Datamartist gives you data profiling and data transformation in one easy to use visual tool.

« | »

Data modelling Hierarchies- how to make a dimension

One of the most useful data model structures in a data mart is a Hierarchy (also called a Tree structure).  Tree structures let us take a large number of things and organise them in a way that makes sense.  More importantly, a tree structure lets us “drill down” into information.  

Hierarchy Rules

In a simple tree structure, every object has one and only one parent, or it is at the top level of the tree.
For each level of the tree, all the objects are the same type.

All fine in theory, but what do the actual table structures look like? 

Parent Child Relationships

The most efficient way to store a tree structure of objects is in a parent child type structure. 

Parent Child Structure

Parent Child Structure

For every object you store one row recording the parent of the object.  This means that every relationship in the tree is stored only once. 

This is the best form to store the “master copy” of the tree- because there is no ambiguity- one row, one object, one parent.  Rule number one is enforced strictly by the physical model in this case- and that’s a good thing. 

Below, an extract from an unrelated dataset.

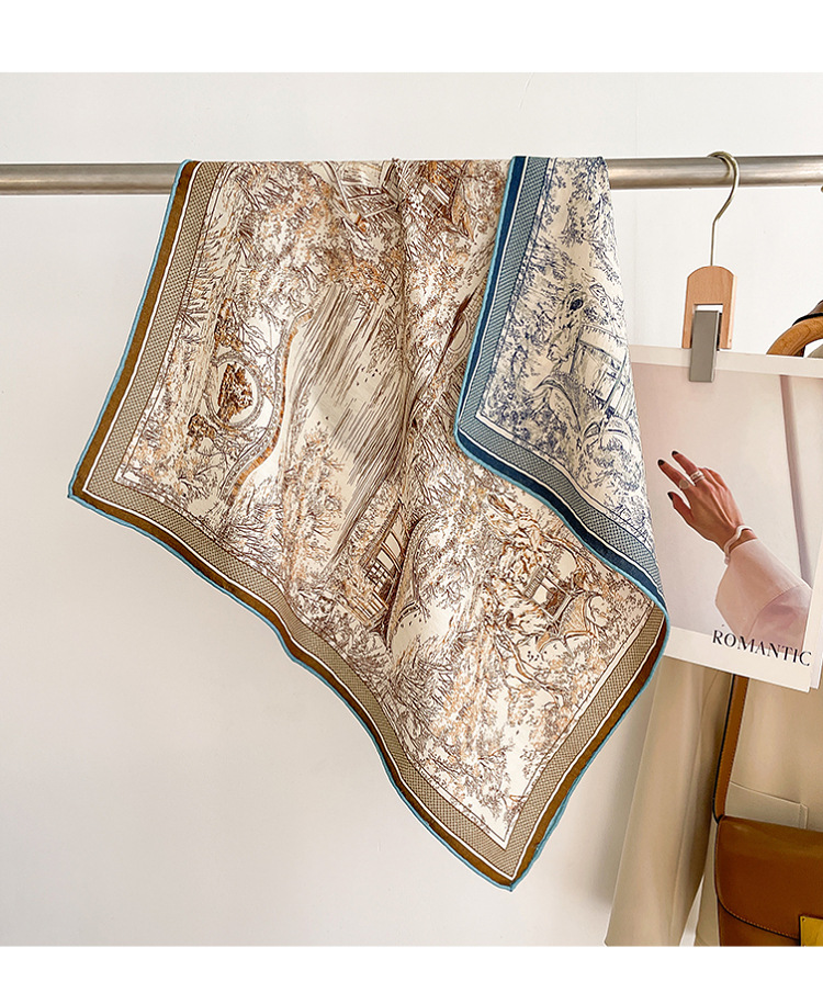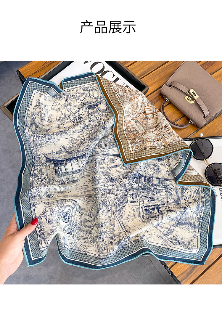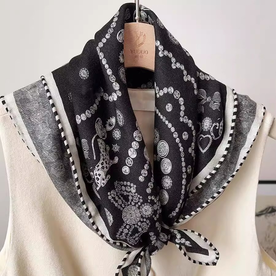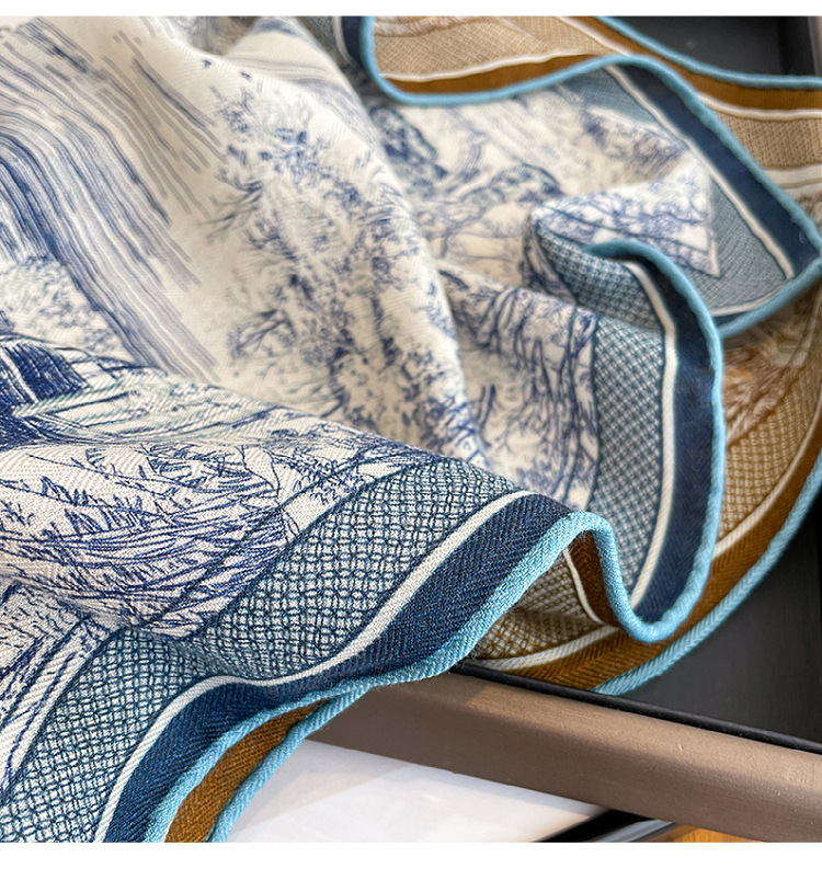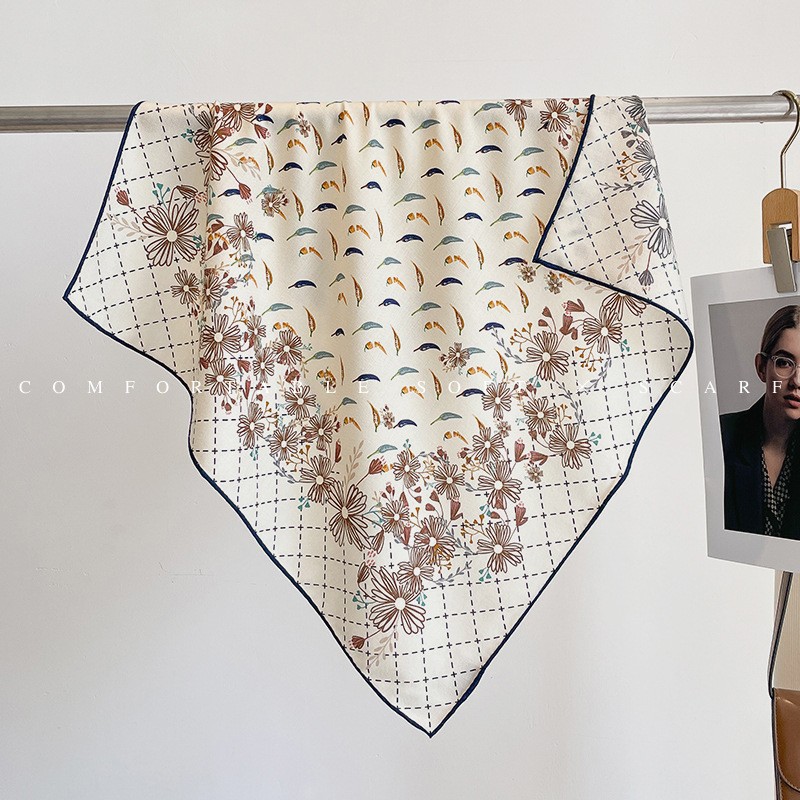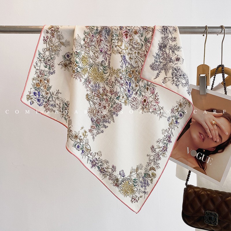 한국의 새로운 스타일 실크 울 스카프 스케치 정원 양면 인쇄 실크 울 스퀘어 스카프 가을과 겨울 패션 숄 실크 스카프스토어 가기

The downside of this structure is that it requires looking at multiple rows to summarise data.  And its just not easy to read.
To find out which country a city is in, we have to first look up the parent (the state province), then we have to look up the parent of that to find the country.  If a hierarchy has 10 levels, we have to look at ten rows for every row that we want to summarise to the top level.  Not so good.

Dimensional Tables

In a dimensional table, we store one row for each object at the bottom of the hierarchy.  In that row, we store its parent, its grand parent, its great grand parent, its great great grand parent etc. etc.   Here’s what that table looks like for our example:

This way, we have everything right there and it makes it easy to summarise.  To find the totals for a country just add up every row with a given value in the country field.  The advantages of this form are clear when it comes time to do the analysis- but what are the disadvantages?  Well, if you want to change a parent child relationship between level 1 and 2, then you have to change lots of rows- the relationship between a country and a state/province is repeated many times .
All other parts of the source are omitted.